Walker Zupp
Welcome Home Brother Charles (1975) was the first film by Jamaa Fanaka (1942-2012). Fanaka was a film undergraduate at UCLA when he made the film, and it was an attempt to make use of the equipment he had access to. “They’d have these assignments called a Project 1 then a Project 2, which were usually five or ten minutes without sound,” Fanaka recalled in an interview with Jeff Brummett*. Although turning one’s “Project 2” into a movie was unheard of, Fanaka decided to “take advantage of this blessing” and started production on his first feature-length film*.

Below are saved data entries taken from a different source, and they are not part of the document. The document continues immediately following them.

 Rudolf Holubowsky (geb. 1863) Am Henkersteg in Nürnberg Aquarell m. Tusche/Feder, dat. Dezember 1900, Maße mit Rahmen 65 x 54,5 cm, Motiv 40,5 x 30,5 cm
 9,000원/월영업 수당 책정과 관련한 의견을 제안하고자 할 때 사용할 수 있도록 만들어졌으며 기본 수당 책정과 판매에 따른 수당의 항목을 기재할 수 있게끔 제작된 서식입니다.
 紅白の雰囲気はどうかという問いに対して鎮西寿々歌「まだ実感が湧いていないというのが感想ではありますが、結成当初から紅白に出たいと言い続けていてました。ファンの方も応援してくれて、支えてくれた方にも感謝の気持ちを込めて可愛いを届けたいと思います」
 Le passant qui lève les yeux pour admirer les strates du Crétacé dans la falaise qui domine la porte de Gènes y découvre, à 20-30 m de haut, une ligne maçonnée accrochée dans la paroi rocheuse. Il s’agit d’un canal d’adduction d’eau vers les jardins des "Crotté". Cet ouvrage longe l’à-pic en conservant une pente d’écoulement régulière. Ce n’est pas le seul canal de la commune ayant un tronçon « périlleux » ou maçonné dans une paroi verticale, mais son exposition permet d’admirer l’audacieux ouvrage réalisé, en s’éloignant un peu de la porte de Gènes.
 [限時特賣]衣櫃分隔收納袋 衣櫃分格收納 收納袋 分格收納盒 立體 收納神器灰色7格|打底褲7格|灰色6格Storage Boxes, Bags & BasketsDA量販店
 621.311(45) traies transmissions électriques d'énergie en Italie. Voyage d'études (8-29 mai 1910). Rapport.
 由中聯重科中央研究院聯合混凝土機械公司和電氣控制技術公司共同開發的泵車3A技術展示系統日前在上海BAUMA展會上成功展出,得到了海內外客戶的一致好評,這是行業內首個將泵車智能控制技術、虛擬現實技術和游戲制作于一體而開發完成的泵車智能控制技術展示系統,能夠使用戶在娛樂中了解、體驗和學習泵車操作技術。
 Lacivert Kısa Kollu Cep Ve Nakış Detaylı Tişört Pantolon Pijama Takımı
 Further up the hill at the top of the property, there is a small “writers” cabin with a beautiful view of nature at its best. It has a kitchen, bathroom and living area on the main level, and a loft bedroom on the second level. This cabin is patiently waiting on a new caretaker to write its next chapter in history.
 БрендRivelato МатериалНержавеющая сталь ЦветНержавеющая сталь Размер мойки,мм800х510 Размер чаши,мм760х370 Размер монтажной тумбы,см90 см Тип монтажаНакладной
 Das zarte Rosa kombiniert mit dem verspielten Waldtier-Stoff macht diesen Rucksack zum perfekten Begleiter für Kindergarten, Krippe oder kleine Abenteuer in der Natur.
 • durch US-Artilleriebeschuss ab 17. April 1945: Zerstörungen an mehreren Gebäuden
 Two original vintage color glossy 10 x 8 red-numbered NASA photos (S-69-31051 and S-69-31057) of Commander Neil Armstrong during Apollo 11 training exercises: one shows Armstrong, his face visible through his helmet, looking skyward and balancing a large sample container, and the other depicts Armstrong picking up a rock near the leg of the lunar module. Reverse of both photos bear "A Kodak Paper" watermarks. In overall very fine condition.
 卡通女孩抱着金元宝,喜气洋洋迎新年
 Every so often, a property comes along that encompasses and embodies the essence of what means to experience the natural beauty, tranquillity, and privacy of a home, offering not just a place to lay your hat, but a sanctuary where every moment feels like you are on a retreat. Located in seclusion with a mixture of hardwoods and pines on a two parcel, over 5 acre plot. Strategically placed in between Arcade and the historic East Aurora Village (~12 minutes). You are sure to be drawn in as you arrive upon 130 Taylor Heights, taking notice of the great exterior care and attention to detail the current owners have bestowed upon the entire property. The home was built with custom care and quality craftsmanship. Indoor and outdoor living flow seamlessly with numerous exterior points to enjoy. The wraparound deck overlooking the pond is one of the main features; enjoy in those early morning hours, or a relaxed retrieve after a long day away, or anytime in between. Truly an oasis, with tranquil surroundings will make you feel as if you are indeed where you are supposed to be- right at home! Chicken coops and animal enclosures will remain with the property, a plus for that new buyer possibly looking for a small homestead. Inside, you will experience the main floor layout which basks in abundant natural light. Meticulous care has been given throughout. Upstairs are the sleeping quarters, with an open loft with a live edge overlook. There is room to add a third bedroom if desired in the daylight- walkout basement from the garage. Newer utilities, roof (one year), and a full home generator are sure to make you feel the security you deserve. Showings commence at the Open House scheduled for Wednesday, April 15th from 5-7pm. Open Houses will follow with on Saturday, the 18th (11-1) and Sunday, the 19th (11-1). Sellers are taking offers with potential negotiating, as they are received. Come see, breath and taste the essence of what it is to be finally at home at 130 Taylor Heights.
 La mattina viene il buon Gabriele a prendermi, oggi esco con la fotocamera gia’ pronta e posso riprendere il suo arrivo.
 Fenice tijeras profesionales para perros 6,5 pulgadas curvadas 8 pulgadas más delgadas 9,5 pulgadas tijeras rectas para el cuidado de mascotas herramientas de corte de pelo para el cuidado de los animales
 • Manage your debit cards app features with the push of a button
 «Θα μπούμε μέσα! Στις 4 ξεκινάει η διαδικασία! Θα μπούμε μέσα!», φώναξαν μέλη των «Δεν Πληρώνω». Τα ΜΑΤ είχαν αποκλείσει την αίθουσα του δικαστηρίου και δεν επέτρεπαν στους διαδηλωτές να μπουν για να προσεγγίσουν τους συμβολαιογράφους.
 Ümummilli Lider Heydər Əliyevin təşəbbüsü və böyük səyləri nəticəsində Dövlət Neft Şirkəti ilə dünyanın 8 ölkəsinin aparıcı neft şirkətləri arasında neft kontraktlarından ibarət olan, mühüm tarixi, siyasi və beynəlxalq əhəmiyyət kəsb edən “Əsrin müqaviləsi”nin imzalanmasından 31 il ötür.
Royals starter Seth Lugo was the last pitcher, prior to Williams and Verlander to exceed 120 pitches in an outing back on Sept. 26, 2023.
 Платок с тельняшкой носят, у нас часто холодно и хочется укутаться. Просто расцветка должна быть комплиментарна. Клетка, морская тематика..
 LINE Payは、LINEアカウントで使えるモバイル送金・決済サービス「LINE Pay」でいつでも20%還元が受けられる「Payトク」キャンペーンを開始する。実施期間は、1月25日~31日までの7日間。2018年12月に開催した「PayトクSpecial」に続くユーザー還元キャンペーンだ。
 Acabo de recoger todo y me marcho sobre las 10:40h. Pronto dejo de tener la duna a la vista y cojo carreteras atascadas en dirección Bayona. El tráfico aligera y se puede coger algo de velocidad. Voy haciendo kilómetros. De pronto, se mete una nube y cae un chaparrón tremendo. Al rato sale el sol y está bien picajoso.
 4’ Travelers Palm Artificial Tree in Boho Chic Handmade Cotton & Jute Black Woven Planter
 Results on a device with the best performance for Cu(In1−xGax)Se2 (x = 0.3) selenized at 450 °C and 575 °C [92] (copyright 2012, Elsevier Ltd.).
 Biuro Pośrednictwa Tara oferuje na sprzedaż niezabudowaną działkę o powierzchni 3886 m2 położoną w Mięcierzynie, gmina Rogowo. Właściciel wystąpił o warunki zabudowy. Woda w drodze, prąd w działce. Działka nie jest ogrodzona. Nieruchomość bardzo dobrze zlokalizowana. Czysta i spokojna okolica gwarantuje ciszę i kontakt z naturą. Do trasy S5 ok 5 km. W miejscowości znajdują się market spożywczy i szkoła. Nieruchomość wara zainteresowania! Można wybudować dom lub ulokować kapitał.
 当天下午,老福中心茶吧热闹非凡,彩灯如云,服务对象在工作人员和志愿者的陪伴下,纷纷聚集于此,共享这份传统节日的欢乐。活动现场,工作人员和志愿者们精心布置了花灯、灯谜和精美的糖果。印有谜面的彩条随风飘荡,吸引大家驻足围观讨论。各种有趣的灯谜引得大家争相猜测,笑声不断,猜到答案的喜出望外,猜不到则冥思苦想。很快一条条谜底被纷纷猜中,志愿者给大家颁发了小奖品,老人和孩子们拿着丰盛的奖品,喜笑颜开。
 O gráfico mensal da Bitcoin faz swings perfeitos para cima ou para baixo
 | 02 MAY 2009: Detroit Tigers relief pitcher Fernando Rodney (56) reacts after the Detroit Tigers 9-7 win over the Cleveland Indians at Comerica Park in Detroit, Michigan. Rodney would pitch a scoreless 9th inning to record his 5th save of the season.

1975 was a watershed year for the United States. It saw the evacuation of American soldiers from Saigon and the takeover of Cambodia by Pol Pot and the Khmer Rouge. The American merchant vessel, Mayaguez, was also rescued after being seized by Cambodian forces. Lastly, Americans and Soviets launched their respective spacecraft—Apollo and the Soyuz—into space for a U.S.-Soviet link-up, which led to new developments in space travel. In the United States things were equally tumultuous. John N. Mitchell, H.R. Haldeman and John D. Ehrlichman were found guilty of covering up the Watergate Scandal and were sentenced to up to eight years in jail. Then Gerald Ford—who had only recently been sworn-in as president—survived two assassination attempts within seventeen days†. (Both attempts were carried out by female shooters, one of whom was a member of Charles Manson’s cult.) In short, it was the right time for Fanaka to make a film about an ex-con’s murderous genitalia. As of June 2023, however, Welcome Home Brother Charles has 4.8 out of 10 on IMDB, is generally classed as a Blaxploitation movie and is about as obscure as the pioneers of Soviet animation, the epic Polish science fiction movie, On the Silver Globe (1988), and the experimental novels of Ann Quin.